All the data below goes into the copy word for word, but the pictures don't.

**** LISTED RECORDS

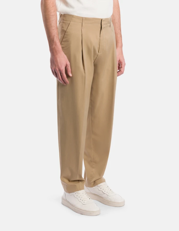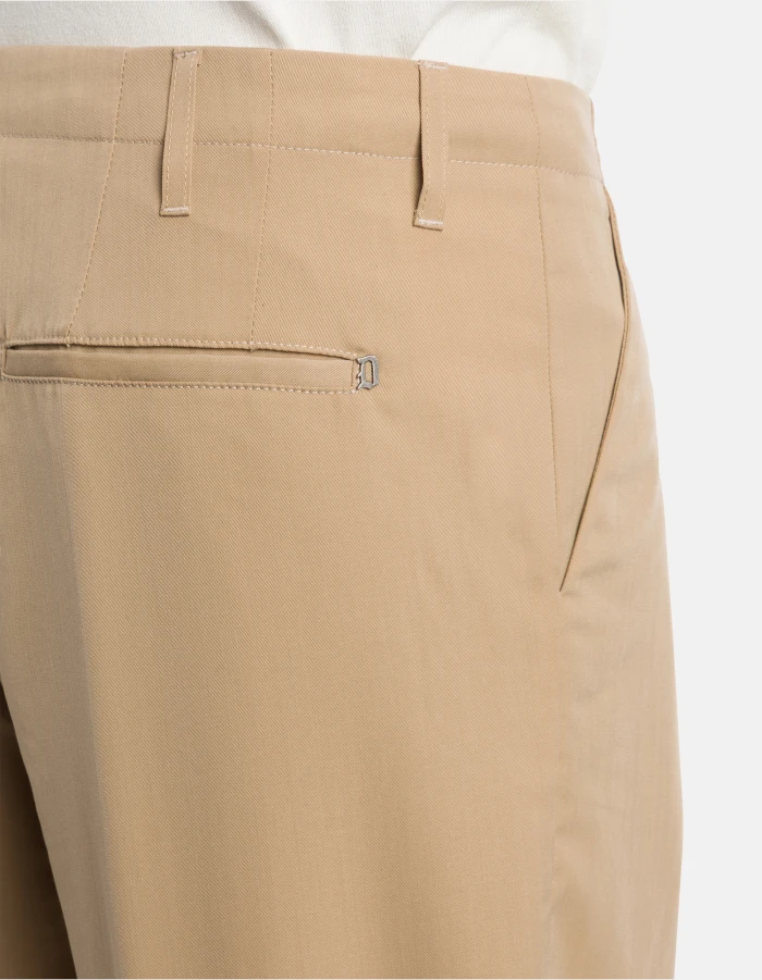 Miles loose-fit chinos, low waist, darts at the front and welt pockets at the back. Stretch polyester wool gabardine. Dondup logo. Made in Italy
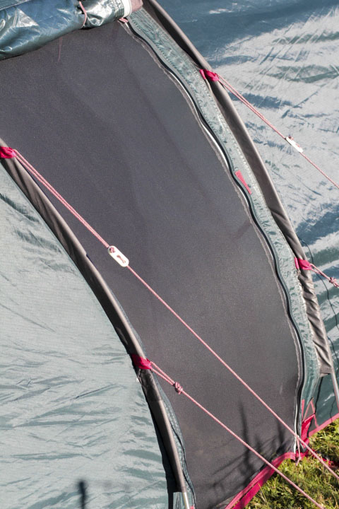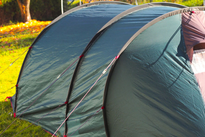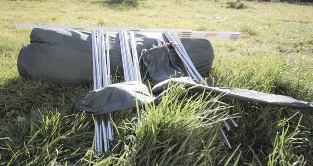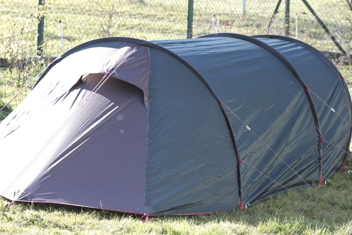 Der Aufbau ist in wenigen Minuten erledigt: Die 3 Segmentstangen zusammenstecken, durch die vorgesehenen Kanäle schieben und einhängen. Anschließend sind die Heringe zu befestigen. Und das wars auch schon.
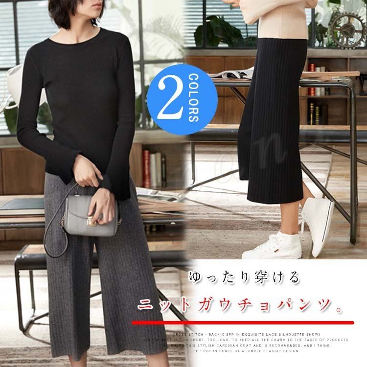 ワイドパンツ ニットワイドパンツ ガウチョパンツ ニット素材 ボトムス ミモレ丈 アンクル丈 クロップド丈 ゆったり 大きめ 楽チン 春 秋
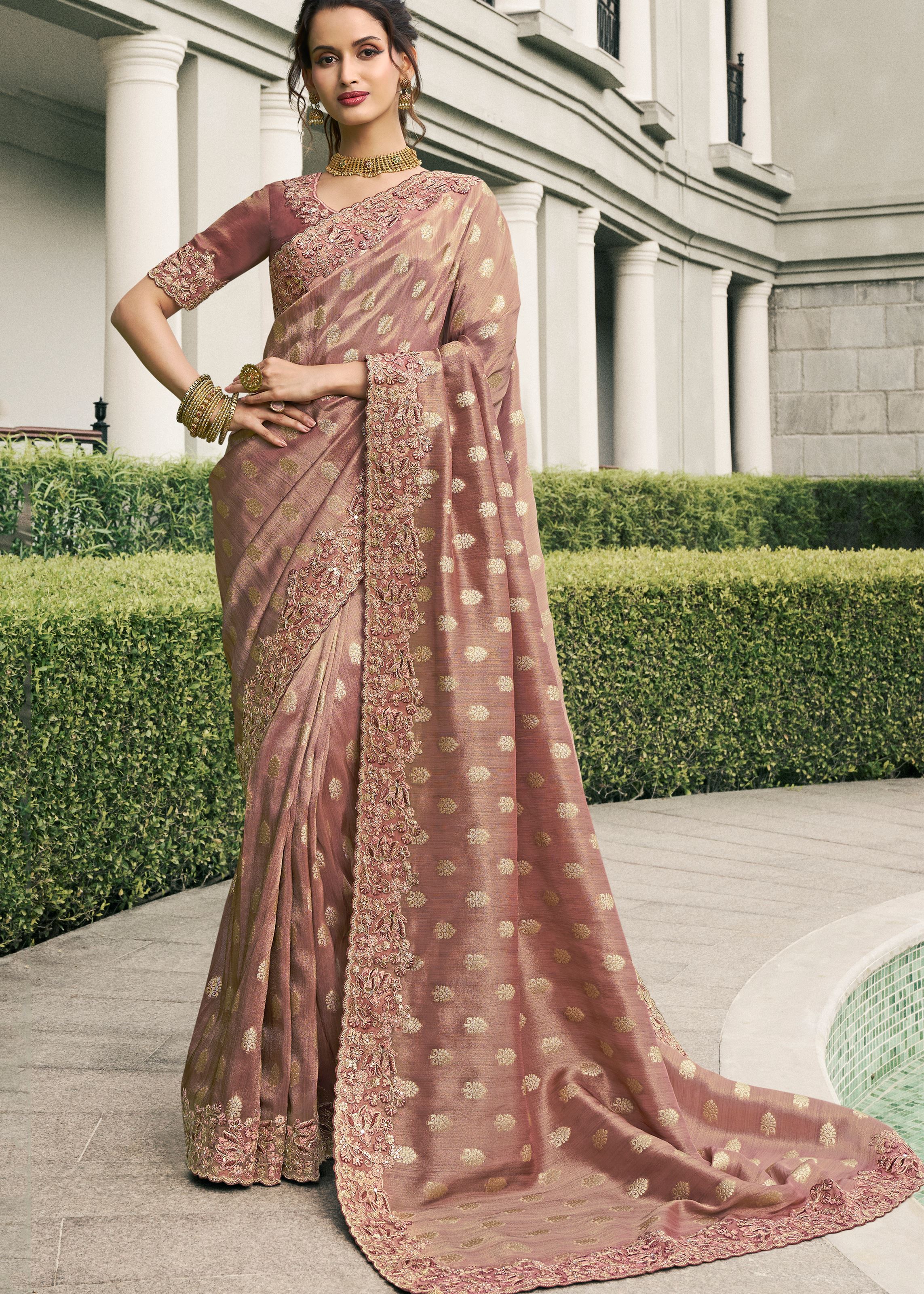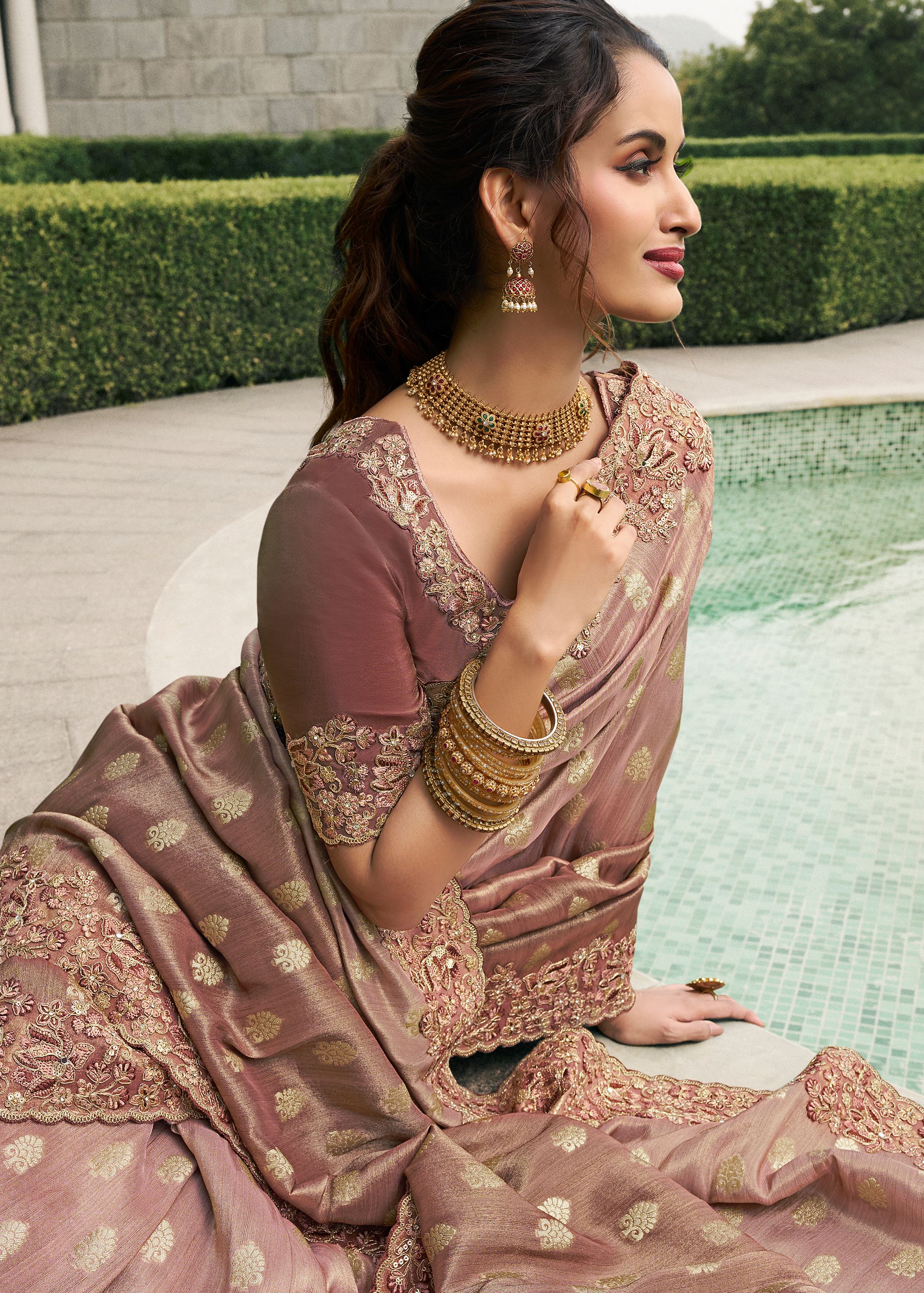 Chocolate Saree With Heavy Thread Embroidery, Stone, Pearl, Real Mirror Work
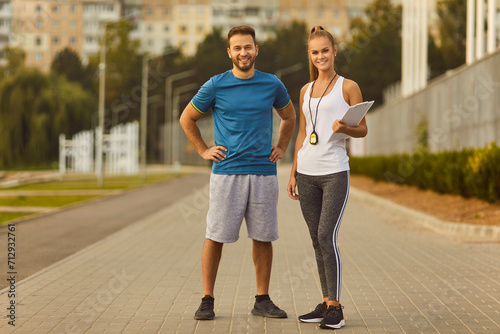 Portrait of a happy sporty couple in sportswear with stopwatch standing after sport jogging exercises in city park and looking cheerful at camera. Outdoors training and fitness in nature concept.
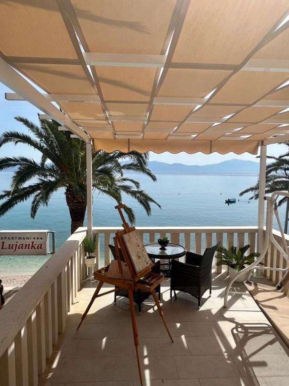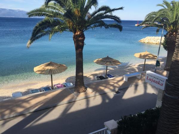 Popolnoma opremljeni apartmaji in studio v samem središču Gradca, ki se nahajajo v prvi vrsti do morja. Plaža, trgovina, restavracija in bankomat so oddaljeni le 3 metre. Čudovit razgled, naravna senca palm in šumenje morja zagotavljajo edinstveno doživetje Jadrana. Prijava v apartma na dan rezervacije je po 15. uri, odjava na dan odhoda pa do 9. ure. Cena vključuje turistično takso, parkirišče, ki je 100 m od hiše, klimatsko napravo (10 ur na dan) in brezžični dostop do interneta. Ponudbo apartmajev lahko uporabljajo le osebe, registrirane kot gostje Apartmajev Lujanka, morebitni obiski pa so možni le z dovoljenjem gostitelja. Upoštevanje hišnega reda prispeva k prijetnemu bivanju vseh gostov, v primeru neupoštevanja hišnega reda pa ima gostitelj pravico odpovedati nadaljnje opravljanje storitev gostu. Z dolžnim spoštovanjem poudarjamo, da hišni ljubljenčki niso dovoljeni, ker si ne moremo privoščiti optimalnih pogojev. Cena namestitve do 3 noči je 30 % višja.
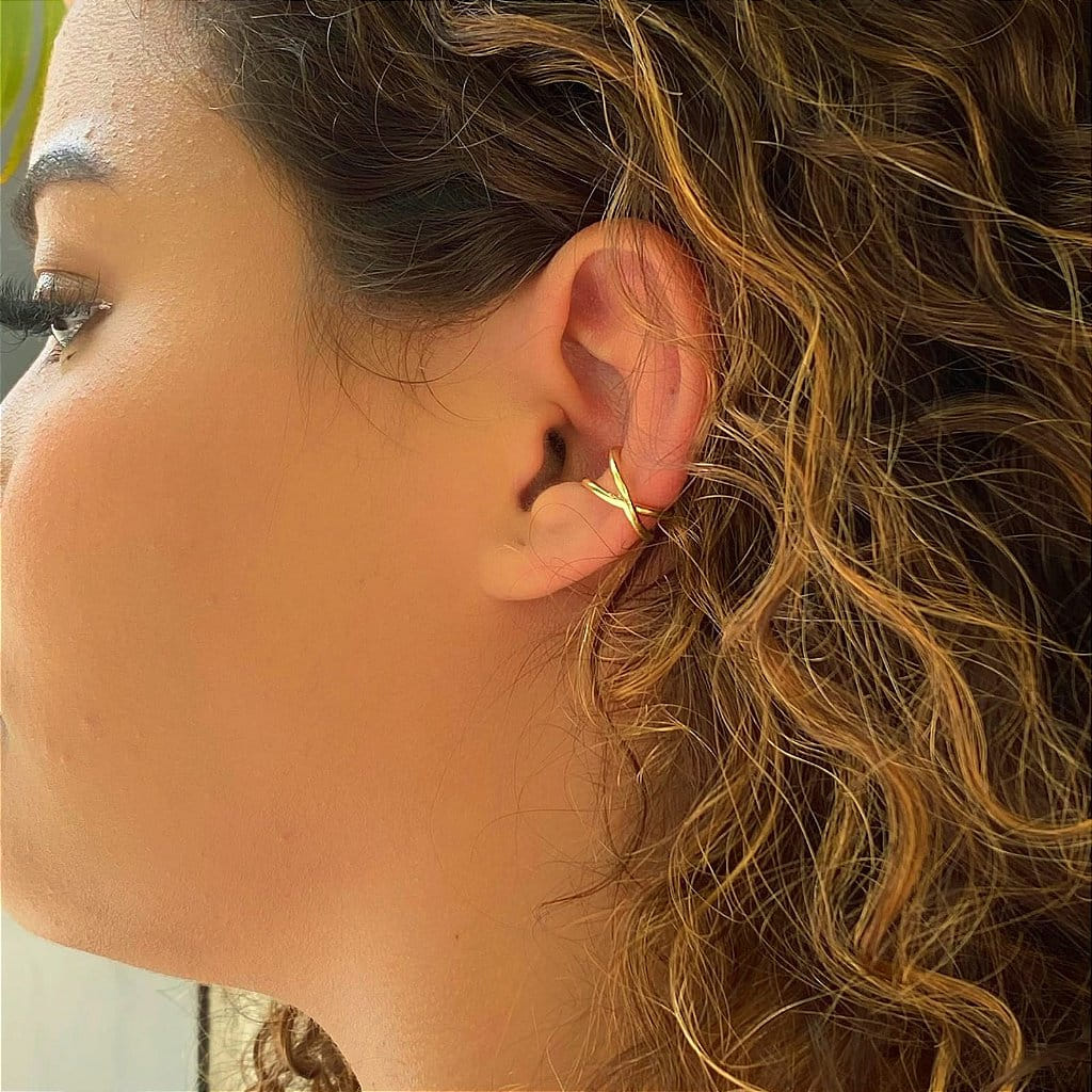 O Piercing Fake Fio Liso Cruzado, folheado a Ouro 18k, destaca-se pelo seu design moderno e elegante, perfeito para quem busca um toque de estilo sem a necessidade de perfuração. Com um design de fios lisos cruzados, este piercing oferece um visual sofisticado e versátil.

********

> _FINISHED TASK_:
 Miles loose-fit chinos, low waist, darts at the front and welt pockets at the back. Stretch polyester wool gabardine. Dondup logo. Made in Italy
 Der Aufbau ist in wenigen Minuten erledigt: Die 3 Segmentstangen zusammenstecken, durch die vorgesehenen Kanäle schieben und einhängen. Anschließend sind die Heringe zu befestigen. Und das wars auch schon.
 ワイドパンツ ニットワイドパンツ ガウチョパンツ ニット素材 ボトムス ミモレ丈 アンクル丈 クロップド丈 ゆったり 大きめ 楽チン 春 秋
 Chocolate Saree With Heavy Thread Embroidery, Stone, Pearl, Real Mirror Work
 Portrait of a happy sporty couple in sportswear with stopwatch standing after sport jogging exercises in city park and looking cheerful at camera. Outdoors training and fitness in nature concept.
 Popolnoma opremljeni apartmaji in studio v samem središču Gradca, ki se nahajajo v prvi vrsti do morja. Plaža, trgovina, restavracija in bankomat so oddaljeni le 3 metre. Čudovit razgled, naravna senca palm in šumenje morja zagotavljajo edinstveno doživetje Jadrana. Prijava v apartma na dan rezervacije je po 15. uri, odjava na dan odhoda pa do 9. ure. Cena vključuje turistično takso, parkirišče, ki je 100 m od hiše, klimatsko napravo (10 ur na dan) in brezžični dostop do interneta. Ponudbo apartmajev lahko uporabljajo le osebe, registrirane kot gostje Apartmajev Lujanka, morebitni obiski pa so možni le z dovoljenjem gostitelja. Upoštevanje hišnega reda prispeva k prijetnemu bivanju vseh gostov, v primeru neupoštevanja hišnega reda pa ima gostitelj pravico odpovedati nadaljnje opravljanje storitev gostu. Z dolžnim spoštovanjem poudarjamo, da hišni ljubljenčki niso dovoljeni, ker si ne moremo privoščiti optimalnih pogojev. Cena namestitve do 3 noči je 30 % višja.
 O Piercing Fake Fio Liso Cruzado, folheado a Ouro 18k, destaca-se pelo seu design moderno e elegante, perfeito para quem busca um toque de estilo sem a necessidade de perfuração. Com um design de fios lisos cruzados, este piercing oferece um visual sofisticado e versátil.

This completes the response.